Le père de l’enfant est catholique ; sa mère, protestante. Ils vivaient ainsi sous un mariage mixte. Mariés dans la foi protestante, ils faisaient suivre à leurs enfants une école évangélique. Cependant, le père fut un jour pris de remords ; il voulut racheter ses fautes et envoya ses enfants à l’église catholique de Durwangen. Ce revirement excita la haine des protestants qui firent tous leurs efforts pour amener la ruine complète des meuniers. Ils leur demandèrent intérêt et capital de l’argent qu’ils leur avaient prêté ; ils ne vinrent plus à leur secours dans le besoin ; ils ne firent plus moudre leur blé chez eux, pour les réduire rapidement à la mendicité. Et pour compléter leur malheur, la voisine Herz ensorcela leur enfant. L’enfant, en effet, a une fois déclaré dans une extase démoniaque qu’il avait été possédé après avoir mangé des « Hutzeln[1] » — une cinquantaine environ — que cette femme lui avait envoyés le mardi-gras. Ce pauvre enfant avait fréquemment de pareilles extases. Un jour, dans une d’elles, le diable disait qu’il habitait autrefois une idole dans une île ; il prédisait de grands malheurs à cette Herz dont les malédictions l’avaient fait entrer dans le corps d’un enfant qu’il serait bientôt obligé de quitter. Une autre fois, il disait : « Il vient maintenant une lettre de l’évêque ; il sera chassé ». Notre propre lettre, il l’avait annoncée aussi quelques jours avant.

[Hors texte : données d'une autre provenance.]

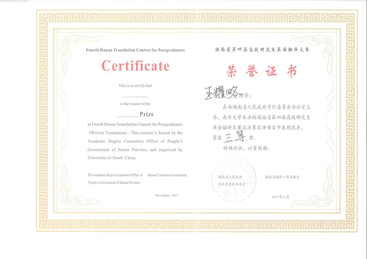 2017年11月11日上午,湖南省第四届高校研究生英语翻译大赛在南华大学MBA教育中心一楼学术报告大厅成功举办。此次活动由湖南省教育厅主办,南华大学研究生院、语言文学学院承办。最终,王耀略同学荣获湖南省第四届高校研究生英语翻译大赛笔译项目三等奖。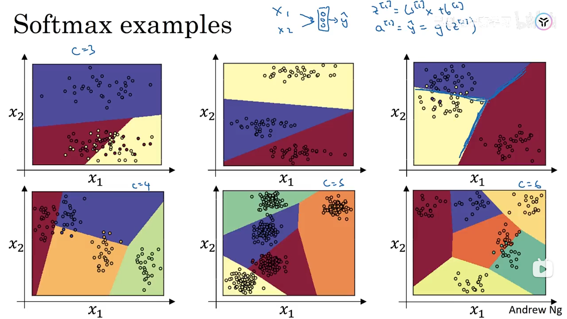 接下来是一些具体的应用示例:softmax分类器可以计算出决策边界,这是没有隐藏层的softmax,线性决策边界;当然使用深度神经网络,输出层用softmax,可以学习到更加复杂的决策边界。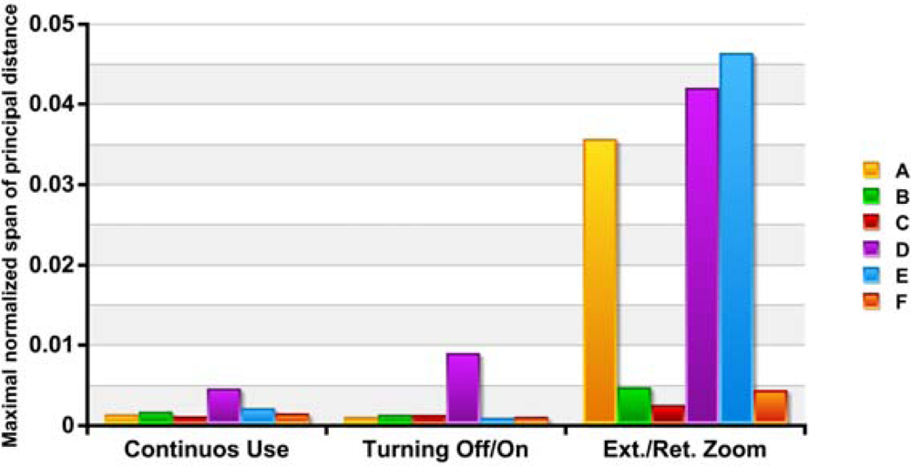 Figure 4 shows the changes in principal distance refer to the image width: (cmax − cmin) / w. The values obtained in continuous use and with applying off/on cycles, with the exception of camera D, are the same order of magnitude as those cited for Läbe for a Sony DSC V1 with 1x zoom factor [].

Le père de l’enfant, qui était venu nous voir plusieurs fois, mit ordre à sa situation. Il se fit marier une nouvelle fois d’après le rituel catholique, et ses enfants furent baptisés à nouveau. Toutefois le possédé, tant qu’il fut dans son triste état, ne put être baptisé : il était pris d’une telle rage et d’une si horrible fureur, que six hommes vigoureux ne pouvaient le maîtriser.

Si grand que fut en apparence le malheur des parents, la grâce divine fut encore plus grande. Le père devint de nouveau un fervent catholique ; les enfants étaient gagnés pour notre Église, et la mère elle-même, vivant dans la religion protestante, ne tarda pas à rentrer dans le giron de l’Église catholique. Qui n’admirera la sagesse de Dieu qui d’un tel mal a su tirer un si grand bien !

(D) Phénomènes consécutifs à la possession

L’enfant se montrait maintenant très gai et très joyeux. Pendant la possession, il tenait constamment la bouche et les yeux clos ; on ne pouvait lui tirer aucune parole. Depuis, il est devenu très parleur. Ses yeux d’enfant brillent si clairs et si innocents que c’est plaisir de s’y mirer. Durant la possession, il baissait sans cesse les yeux maladivement vers sa poitrine et avait des secousses non naturelles dans le corps. Après il revint à l’état normal. Pendant les cinq séances d’exorcisme, l’enfant tomba chaque fois dans une extase démoniaque « in einer daemonischen ekstase » ; après chacune d’elles, il semblait à moitié mort, entièrement raide et comme sans vie « ganz starr und wie leblos ». Après la dernière exorcisation, le diable expulsé, l’enfant fut très tranquille et on ne remarqua chez lui aucun phénomène insolite. Au temps de la possession, il ne pouvait souffrir près de lui aucun objet sacré : après la guérison, il prenait de ses propres mains la sainte Croix

  1. On désigne sous ce nom un mélange de fruits (pommes, poires et prunes) cuits et coupés en quartiers.